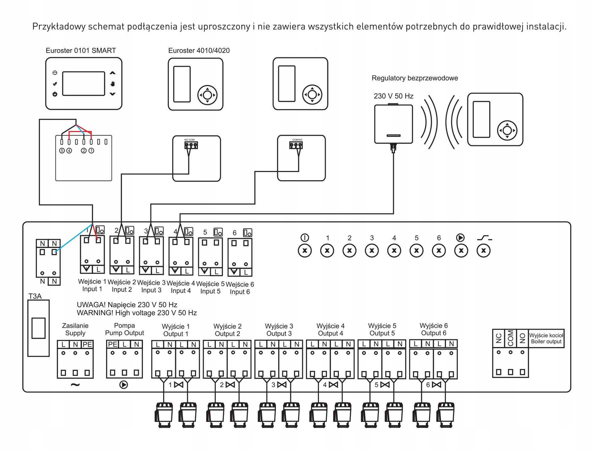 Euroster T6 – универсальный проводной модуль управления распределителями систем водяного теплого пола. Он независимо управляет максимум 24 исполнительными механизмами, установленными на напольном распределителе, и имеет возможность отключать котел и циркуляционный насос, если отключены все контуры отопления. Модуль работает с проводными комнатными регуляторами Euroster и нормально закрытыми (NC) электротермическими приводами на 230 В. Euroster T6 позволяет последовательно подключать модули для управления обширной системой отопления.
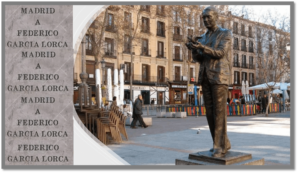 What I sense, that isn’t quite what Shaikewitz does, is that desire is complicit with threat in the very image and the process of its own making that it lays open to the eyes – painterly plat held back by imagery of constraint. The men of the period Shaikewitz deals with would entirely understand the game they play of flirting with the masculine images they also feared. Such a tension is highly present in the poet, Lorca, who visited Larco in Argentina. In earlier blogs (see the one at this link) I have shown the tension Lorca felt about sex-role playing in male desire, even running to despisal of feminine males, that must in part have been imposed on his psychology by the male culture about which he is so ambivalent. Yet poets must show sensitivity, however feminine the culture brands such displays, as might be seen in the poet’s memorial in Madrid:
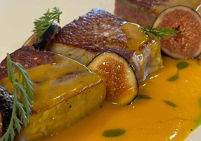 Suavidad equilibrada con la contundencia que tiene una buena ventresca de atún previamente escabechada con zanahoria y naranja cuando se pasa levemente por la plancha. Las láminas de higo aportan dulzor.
▬▬▬
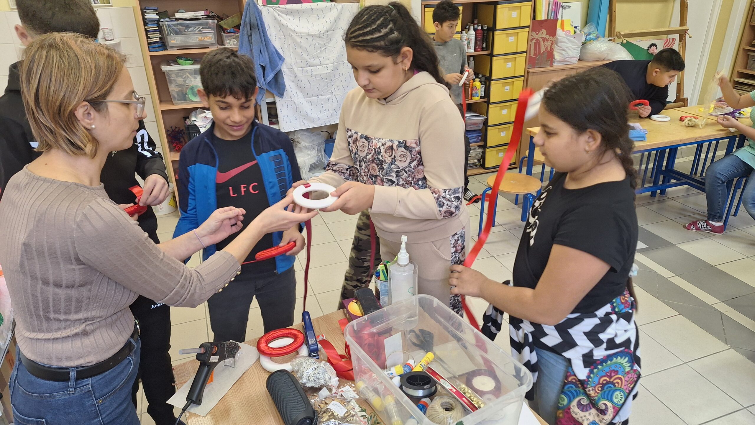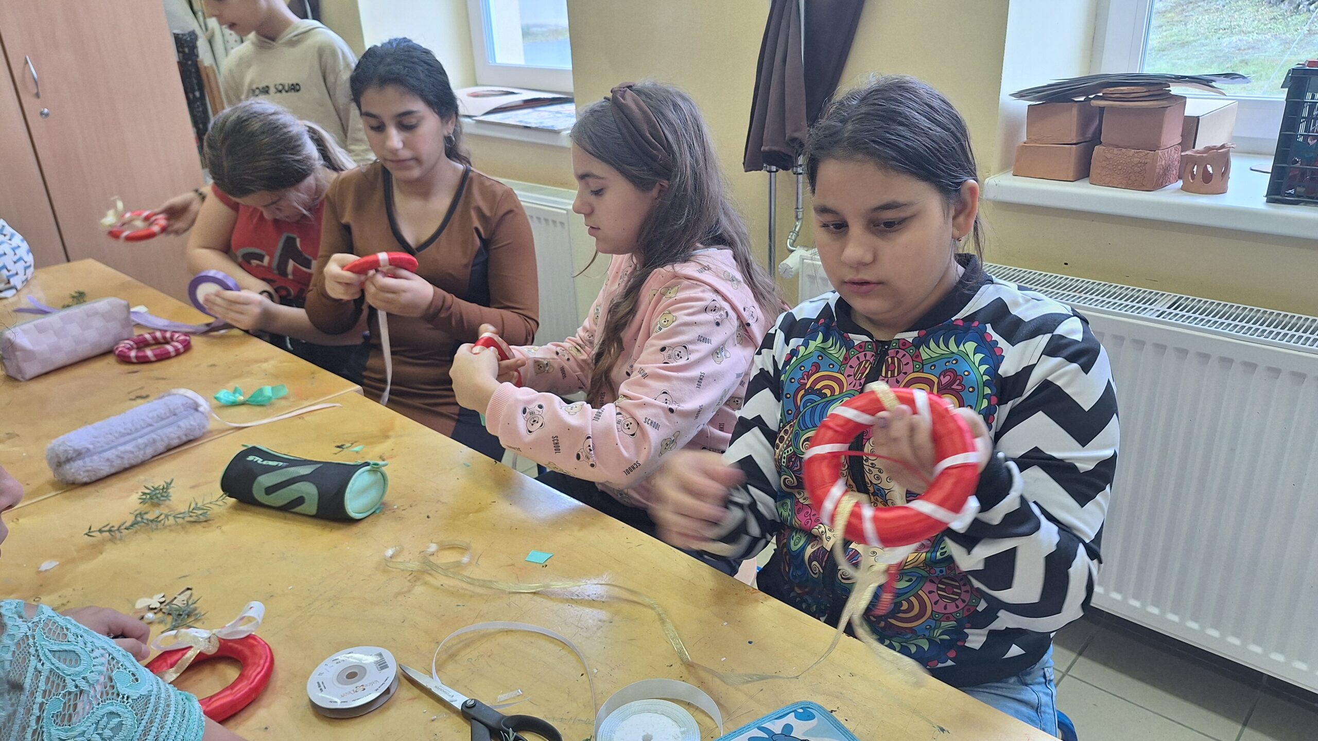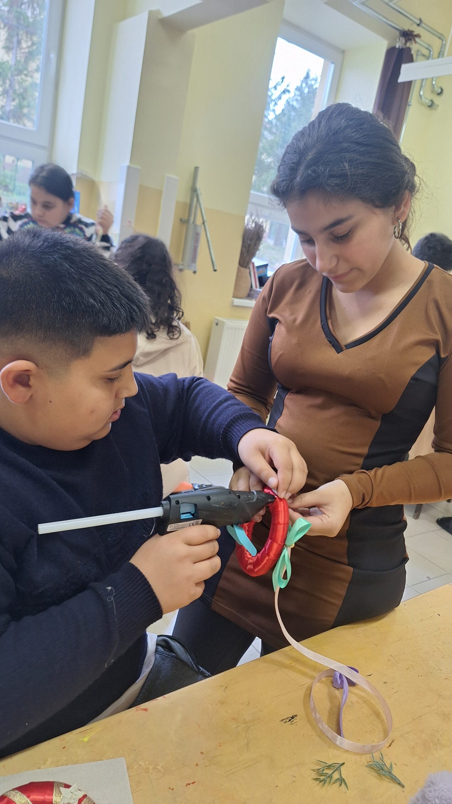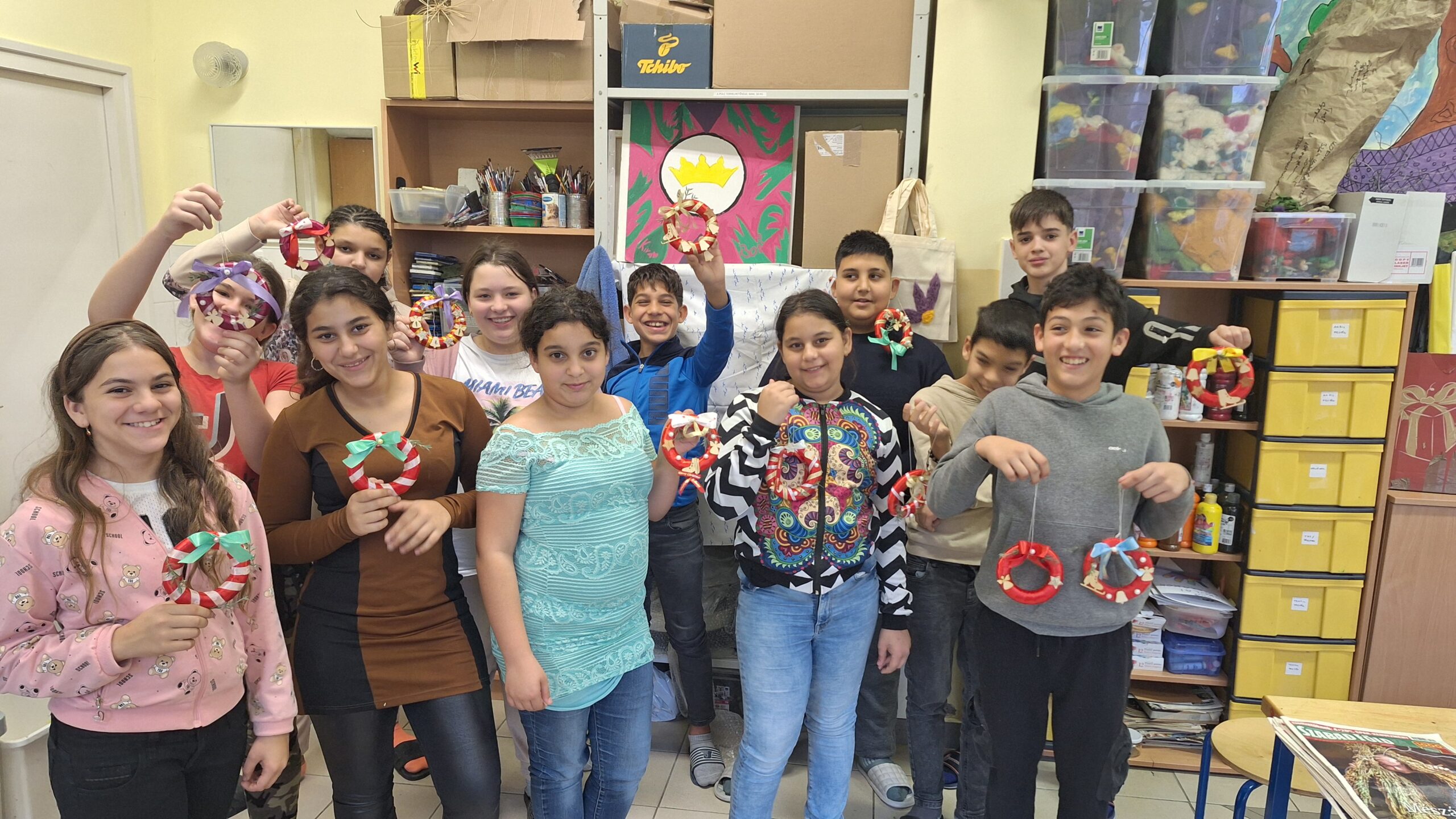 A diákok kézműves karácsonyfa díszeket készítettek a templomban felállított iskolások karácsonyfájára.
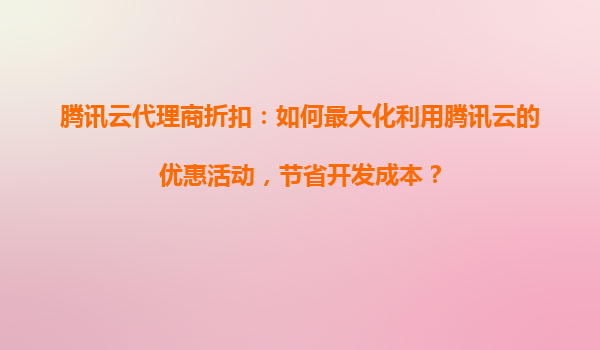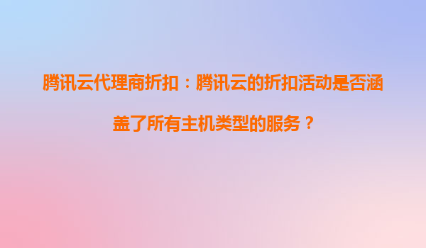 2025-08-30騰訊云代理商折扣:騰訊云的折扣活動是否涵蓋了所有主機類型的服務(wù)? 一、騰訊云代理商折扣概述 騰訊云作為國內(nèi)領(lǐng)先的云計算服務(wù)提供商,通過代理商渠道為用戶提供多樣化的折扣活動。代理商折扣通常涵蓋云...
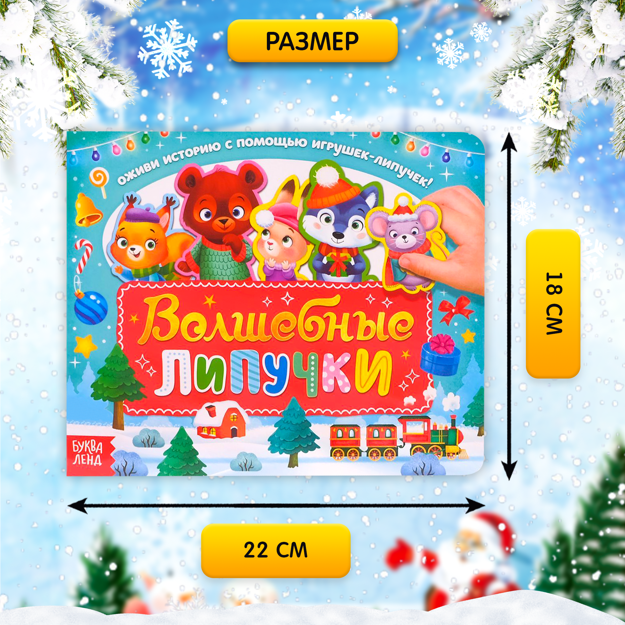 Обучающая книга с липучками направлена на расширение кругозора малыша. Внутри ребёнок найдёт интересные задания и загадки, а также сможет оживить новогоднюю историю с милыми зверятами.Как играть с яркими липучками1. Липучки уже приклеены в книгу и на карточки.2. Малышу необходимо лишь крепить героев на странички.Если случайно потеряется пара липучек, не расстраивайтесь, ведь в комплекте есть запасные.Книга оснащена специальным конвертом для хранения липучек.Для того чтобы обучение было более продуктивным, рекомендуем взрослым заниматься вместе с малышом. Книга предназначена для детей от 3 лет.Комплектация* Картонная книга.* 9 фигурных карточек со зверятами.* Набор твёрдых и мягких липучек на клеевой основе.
▬▬▬
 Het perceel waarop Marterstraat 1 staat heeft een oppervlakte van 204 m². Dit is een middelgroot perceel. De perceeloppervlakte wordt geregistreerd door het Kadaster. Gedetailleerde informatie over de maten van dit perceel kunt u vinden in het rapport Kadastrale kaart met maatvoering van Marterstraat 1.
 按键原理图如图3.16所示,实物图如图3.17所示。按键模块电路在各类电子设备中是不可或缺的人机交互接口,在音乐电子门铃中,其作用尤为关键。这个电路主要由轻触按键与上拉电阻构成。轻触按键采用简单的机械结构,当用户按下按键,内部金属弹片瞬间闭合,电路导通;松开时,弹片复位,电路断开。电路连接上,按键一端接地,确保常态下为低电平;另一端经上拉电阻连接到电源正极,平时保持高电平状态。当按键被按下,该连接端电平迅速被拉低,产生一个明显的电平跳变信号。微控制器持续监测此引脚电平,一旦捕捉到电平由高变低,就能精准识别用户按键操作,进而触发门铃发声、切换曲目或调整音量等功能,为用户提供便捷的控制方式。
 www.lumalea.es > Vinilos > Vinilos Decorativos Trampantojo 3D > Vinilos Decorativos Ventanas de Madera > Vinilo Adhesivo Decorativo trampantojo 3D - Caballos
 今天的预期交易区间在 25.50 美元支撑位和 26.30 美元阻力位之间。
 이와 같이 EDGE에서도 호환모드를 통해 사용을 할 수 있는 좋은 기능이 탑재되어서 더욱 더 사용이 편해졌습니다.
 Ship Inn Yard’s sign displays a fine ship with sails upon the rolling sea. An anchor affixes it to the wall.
▬▬▬
» **Work item**: Text only, no pictures: please print exactly the lines above from the line with "What I sense, that" up to and including the line with "Suavidad equilibrada con", and nothing else.

» **Solution**:
 What I sense, that isn’t quite what Shaikewitz does, is that desire is complicit with threat in the very image and the process of its own making that it lays open to the eyes – painterly plat held back by imagery of constraint. The men of the period Shaikewitz deals with would entirely understand the game they play of flirting with the masculine images they also feared. Such a tension is highly present in the poet, Lorca, who visited Larco in Argentina. In earlier blogs (see the one at this link) I have shown the tension Lorca felt about sex-role playing in male desire, even running to despisal of feminine males, that must in part have been imposed on his psychology by the male culture about which he is so ambivalent. Yet poets must show sensitivity, however feminine the culture brands such displays, as might be seen in the poet’s memorial in Madrid:
 Suavidad equilibrada con la contundencia que tiene una buena ventresca de atún previamente escabechada con zanahoria y naranja cuando se pasa levemente por la plancha. Las láminas de higo aportan dulzor.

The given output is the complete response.